Эта ведь – тоже не перечилась, когда он ее заграбастал под березкою. Напротив, ласкалась, как ошалелая, но было в ее исступленных ласках нечто, доселе Егором не знаемое. Она небось и лица-то его не разглядела, только шрам на боку нащупала, а все ж Егору отчего-то почудилось, будто он для нее – особенный. Будто ни для кого другого не расточала она ласк – для него их сберегала, ему и отдала. Будто он для нее один на всей земле – единственный! А ведь этого, только этого ищут мужчины в женщинах: встретить на просторе земном ту, для которой ты – единственный, и нет никого, кроме тебя, во всем белом свете, а если не будет тебя – значит, и никого не будет.
Может, потому и обезумел Егор от нее, растворился в ее объятиях, растекся в ее лоне сладким медом… обмер от счастья.
А когда проснулся, первое, что понял: он и впрямь был у нее единственным. Первым – уж наверняка… И такая оторопь взяла Егора, такой донял стыд: вот сейчас она проснется, и спохватится (хмель-то купальский, ночной, истаял в лучах рассвета!), и примется укорять его за то, что походя испоганил ее девичество… Нестерпимо сделалось увидеть ее глаза – он даже не знал, какого они цвета, знал только, что сияли ему, будто звезды! – увидеть их погасшими, залитыми слезами ужаса и раскаяния, а рот, припухший от поцелуев, – исторгающим попреки…

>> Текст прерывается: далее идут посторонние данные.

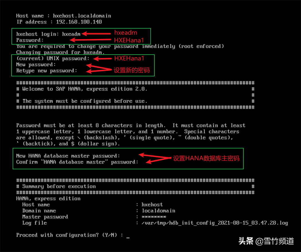 4 、设置新的 HANA database master 密码密码可以和上面设置的hxeadm密码一样,也可以不一样。
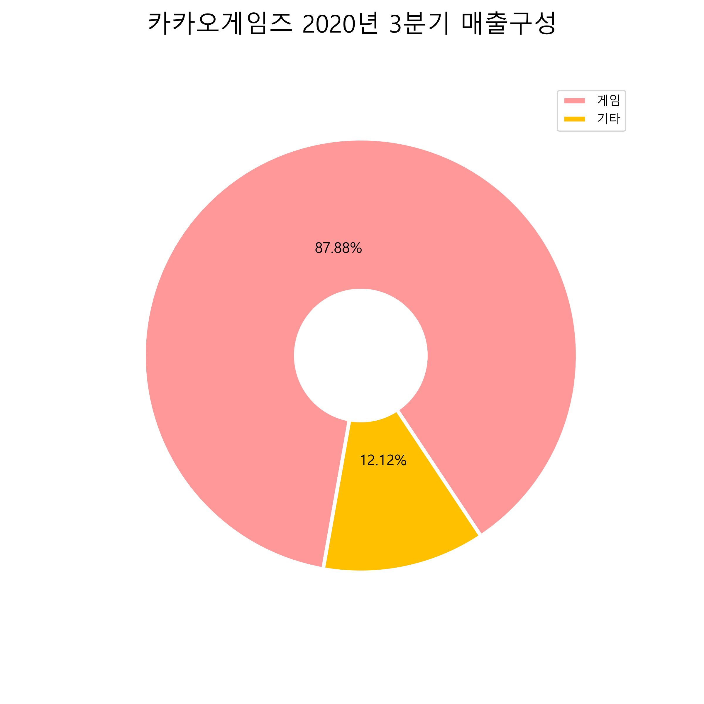 카카오게임즈의 2020년 3분기 매출구성입니다.
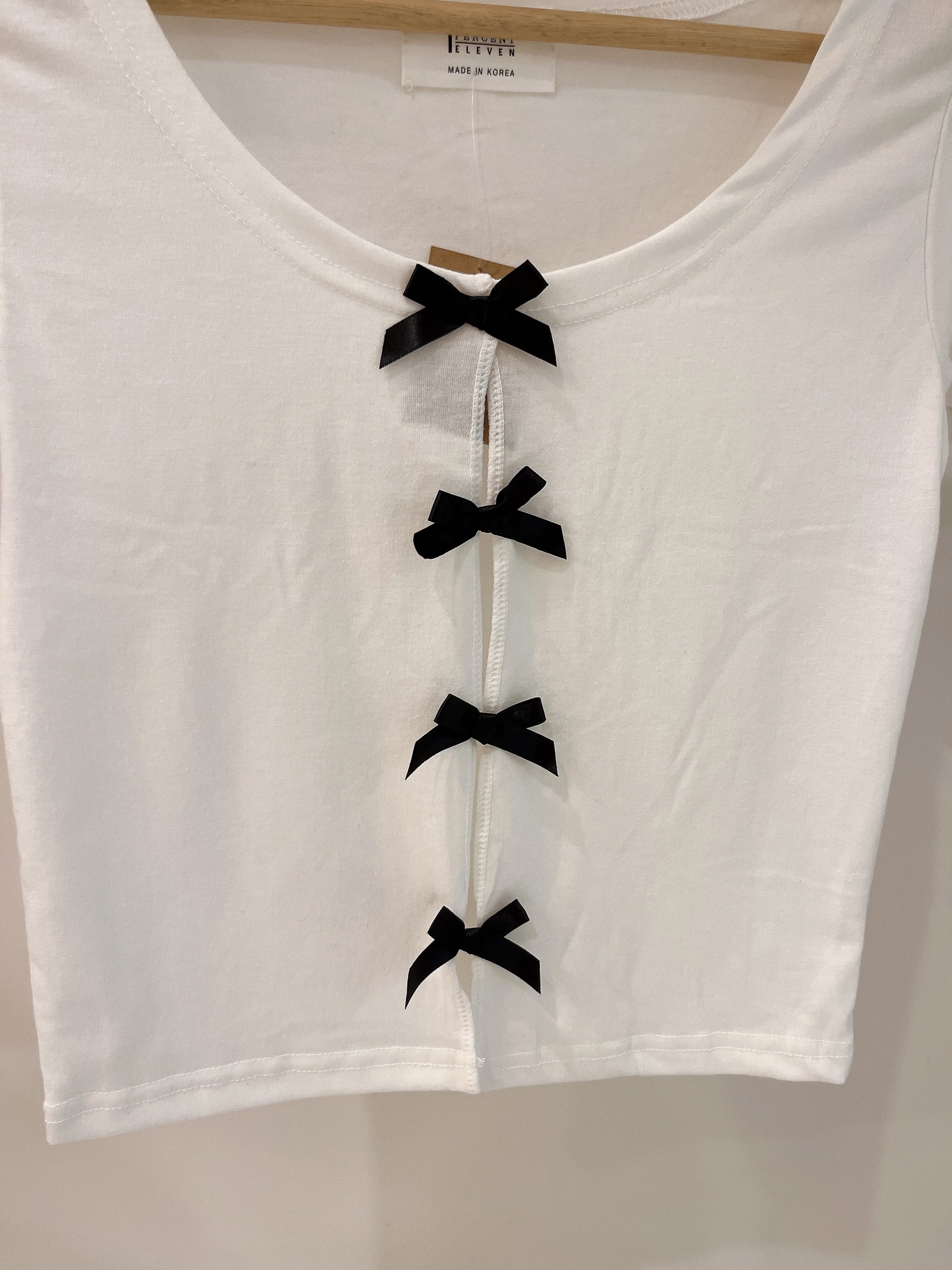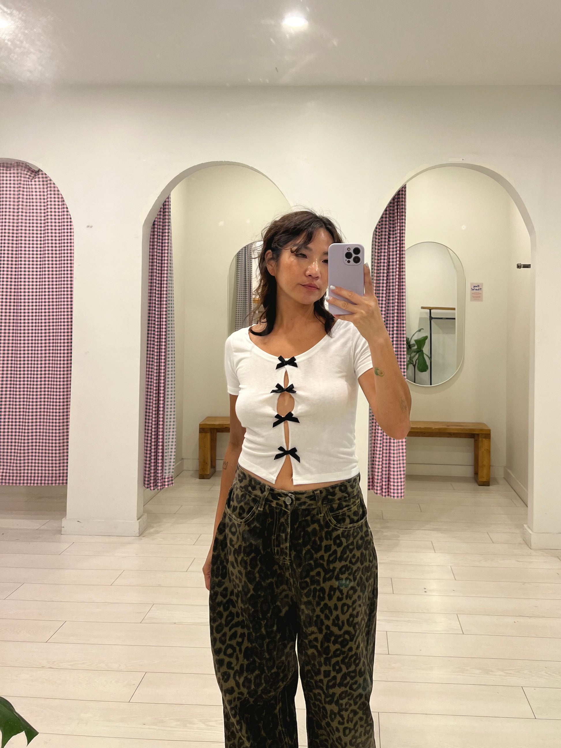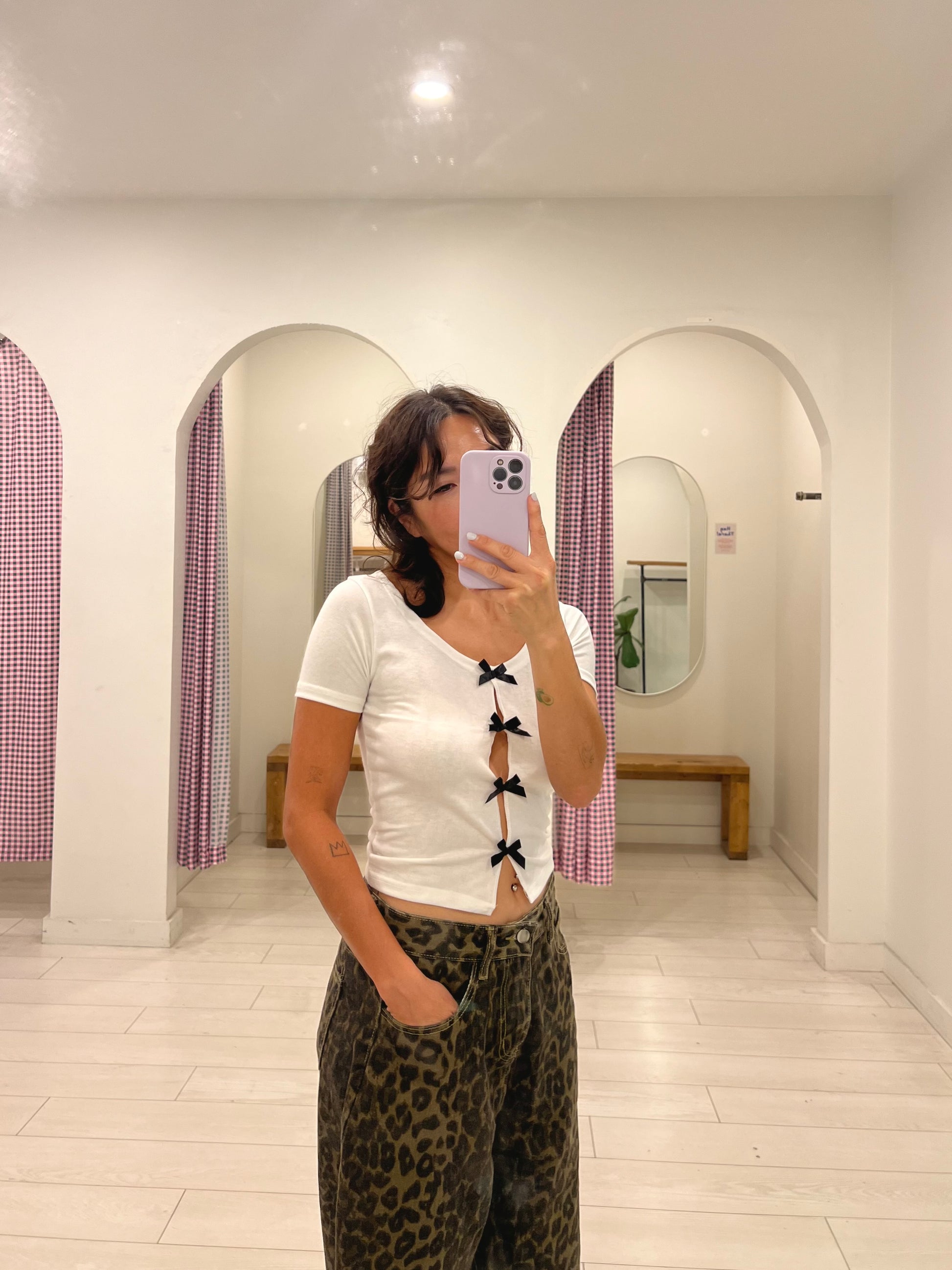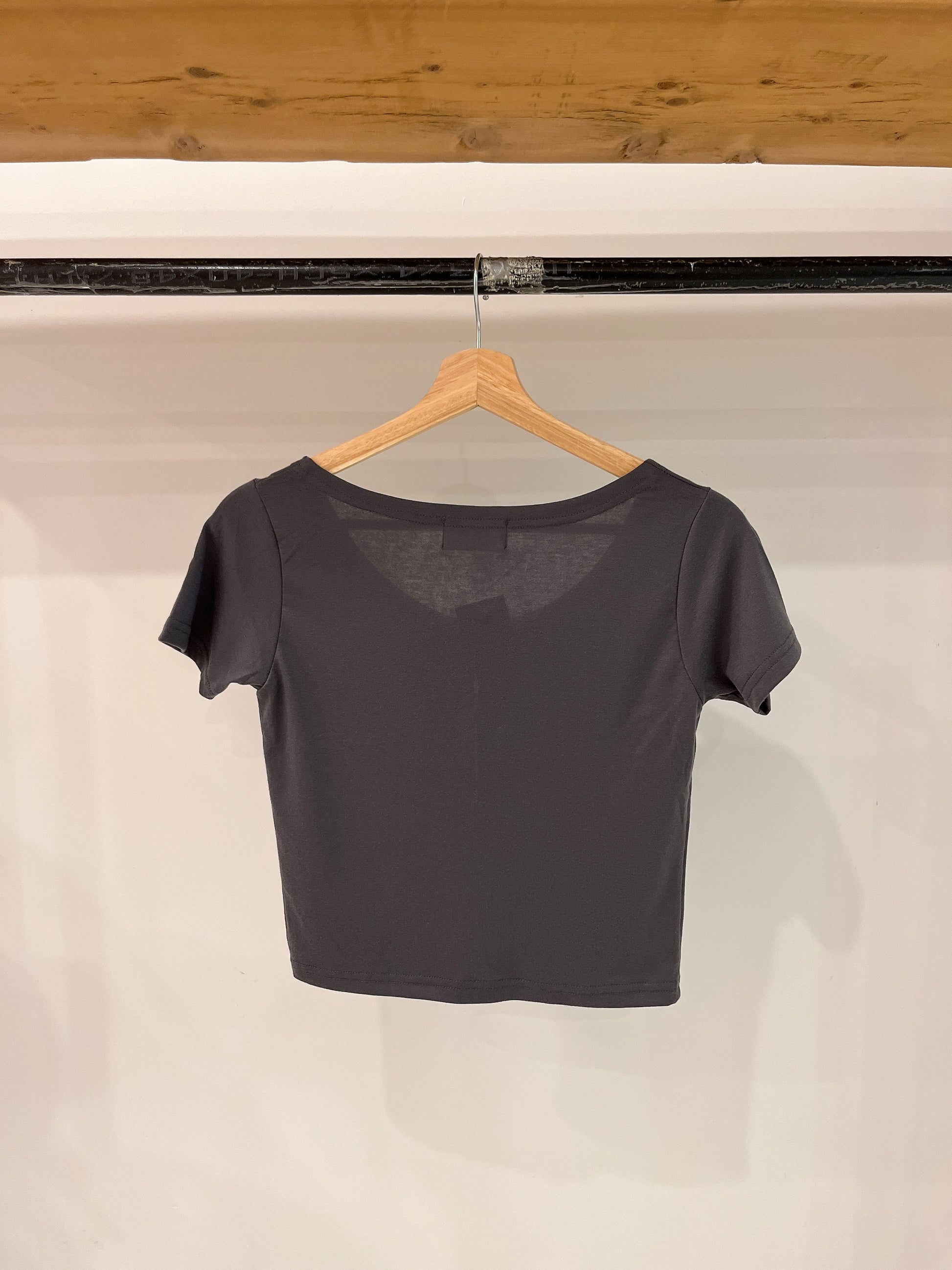 Embrace feminine ease in our super cute round neck, short sleeve top featuring front cut out detail, little black bows and a regular fit! Now available in charcoal and white!
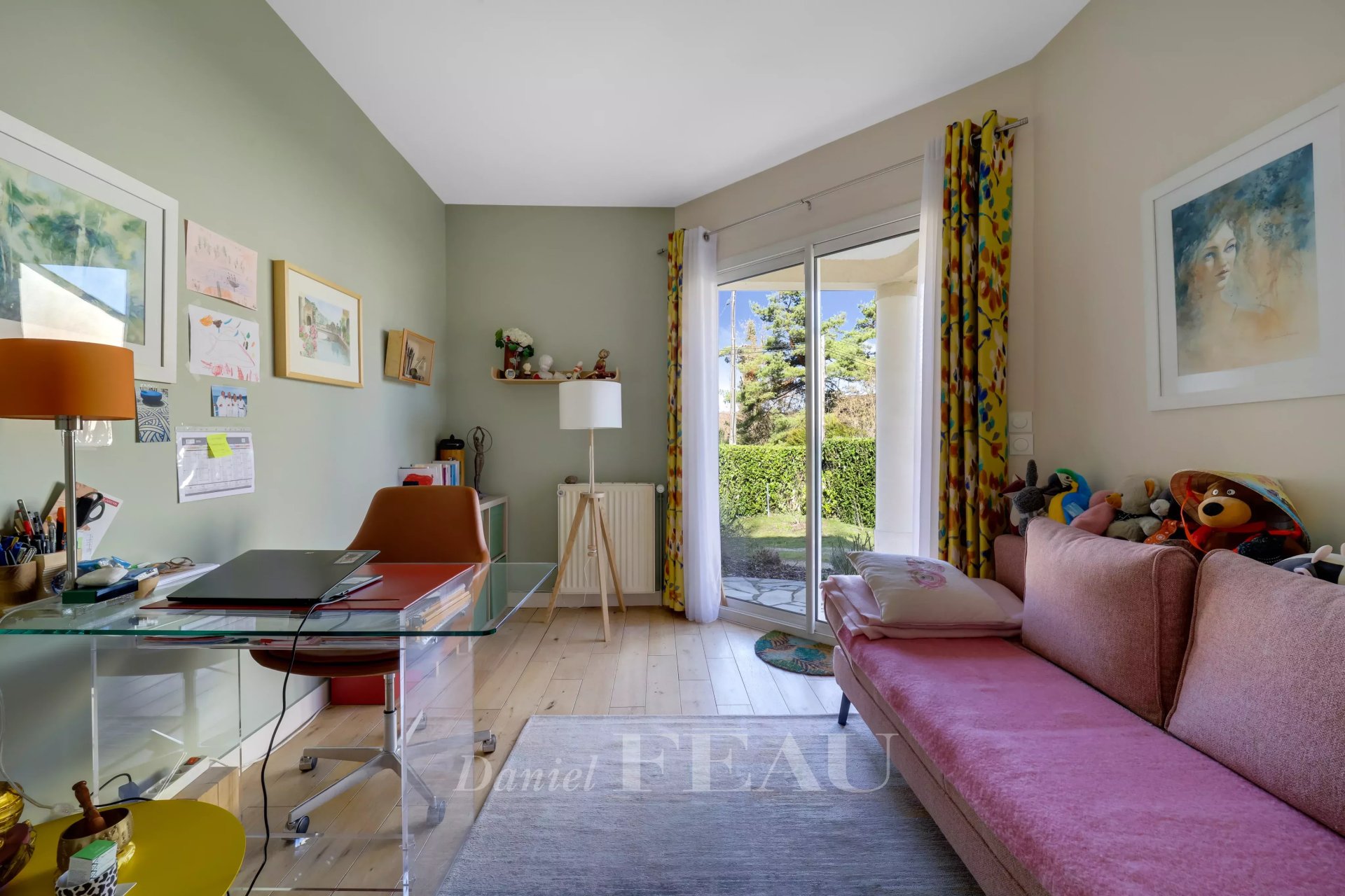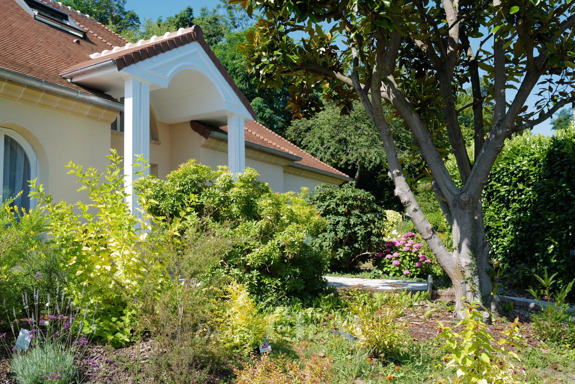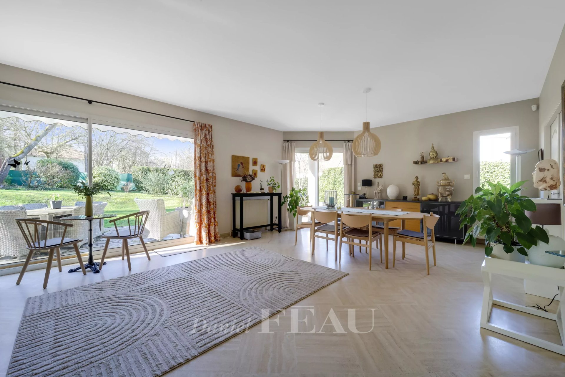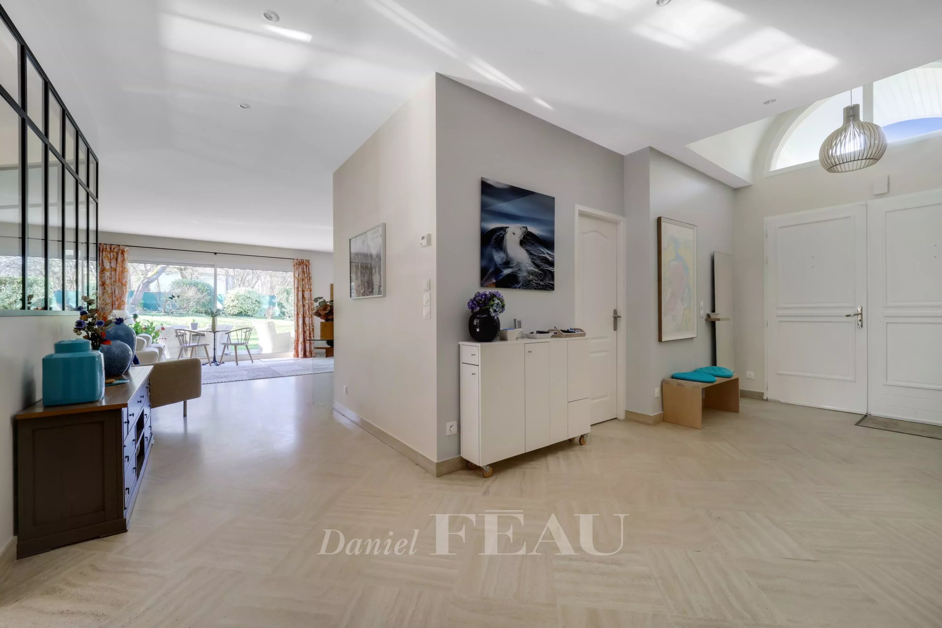 Sole Agent. This elegant mainly single storey family home set in 1494 sqm of leafy grounds is in a sought-after residential neighbourhood near Saint-Nom-la-Bretèche station.
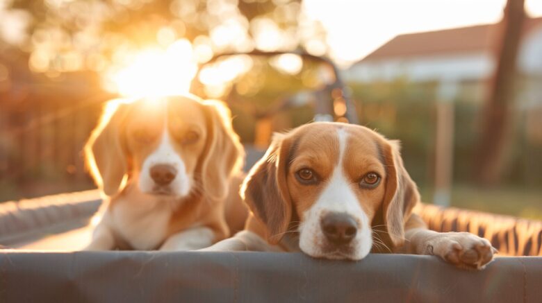 具体的に言うと、ビーグル2匹の場合(それぞれ10〜12kg)なら、30kg耐荷重モデルが安心です。
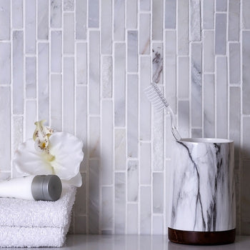 Admired for a clean-lined profile, KitKat marble tile bathroom idea delivers an awe-inspiring modern sensibility. And yes, this slender White 11.6 in. x 12 in. Linear Polished Marble Mosaic Tile can be laid in a horizontal or vertical straight stack pattern.
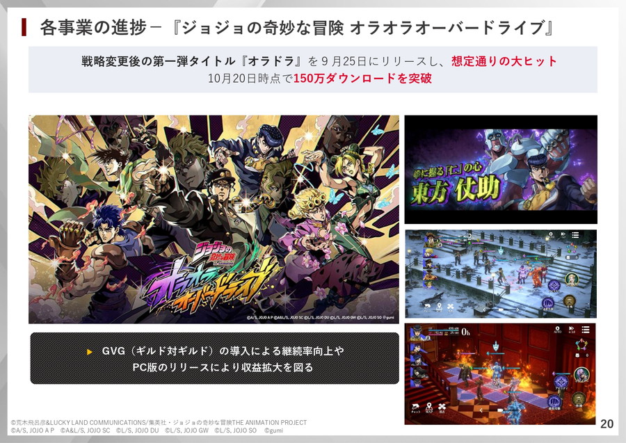 売上急回復の要因は、新作モバイルオンラインゲーム『ジョジョの奇妙な冒険 オラオラオーバードライブ』(以下、オラドラ)のヒットがあげられる。気になるのは利益面だが、積極的な広告投資を行ったことから営業赤字となったものの、同社はこれを「将来成長に向けた戦略的な先行投資」と位置付けている。
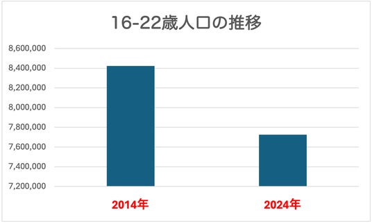 高校生、大学生としてアルバイトに従事する年代(16~22歳)の人口がこの10年で約70万人減少(留学生はコロナ前2019年では31万人)
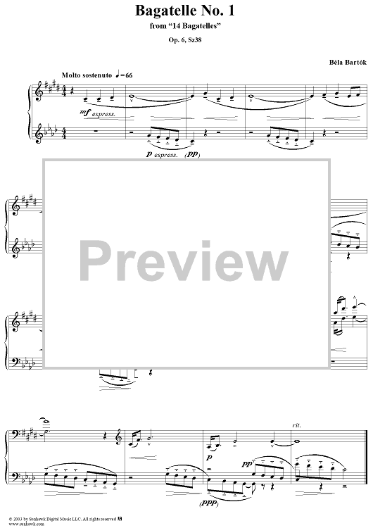 Digital Sheet Music for Bagatelle No. 1 "Molto Sostenuto" by Bela Bartok scored for Piano Solo; id:293700
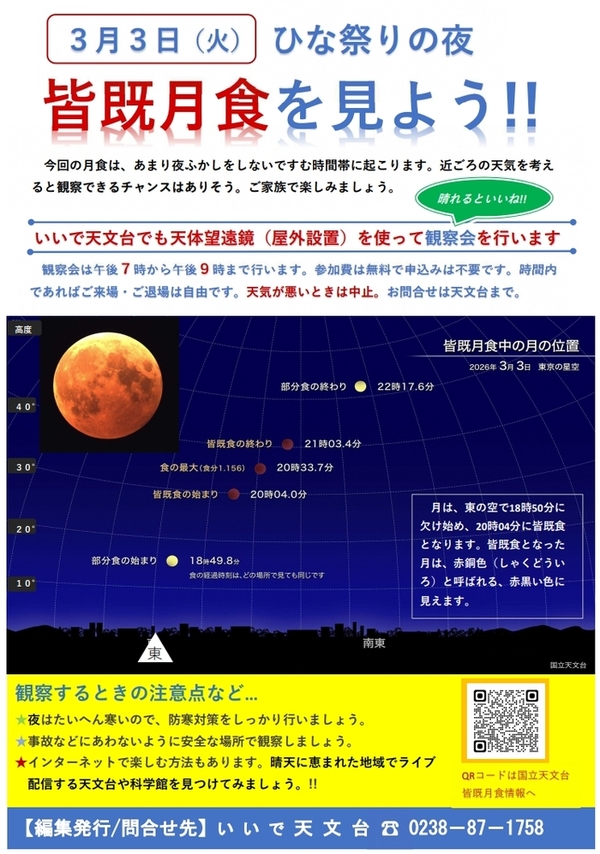 「ひな祭りの夜☆皆既月食を見よう」開催のお知らせ
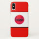 Schwarz Rot Weiß gestreifte iPhone Gehäuse. Riesentext kann angepasst werden.

Он с болью поцеловал эти истерзанные губы – чуть коснулся. Зажал рукой сердце, прикрыл глаза, чтоб не видеть, не оглядываться… ушел.
Ушел, чтобы забыть. Но не смог. Не смог! Искра, зароненная той ночью в сердце, жгла его, жгла, а теперь пожаром разгорелась. И больше уж он не собирался уходить от нее. Жить без нее? Да лучше бы вовсе не жить!
Жалко будить, но надо же одеть ее – и увести отсюда.
Аржанов поднял смятый, порванный на груди лиф женского платья – и отшвырнул брезгливо. Ревность обуяла его при одной мысли, что к ней прикоснутся эти обрывки ее прошлого.
Торопливо сбросил камзол, кое-как обернул спящую, подхватил на руки. Голова скатилась ему на плечо, губы мимолетно скользнули по шее – и опять все зашлось, помутилось в нем.
Нет, уже не здесь. Скоро рассвет. Надо идти к Маланье, она даст приют этой незнакомой… самой родной на свете! Там она скажет ему свое имя, вспомнит их первую ночь. И если все остальное ее прошлое канет в небытие, а ночь на Ивана Купалу останется единственным воспоминанием, – что ж, Егор Аржанов только об этом и мечтает!
5. Опять одна
– Аринушка… светик, Аринушка! Полно спать, погляди на божий мир, открой глазыньки!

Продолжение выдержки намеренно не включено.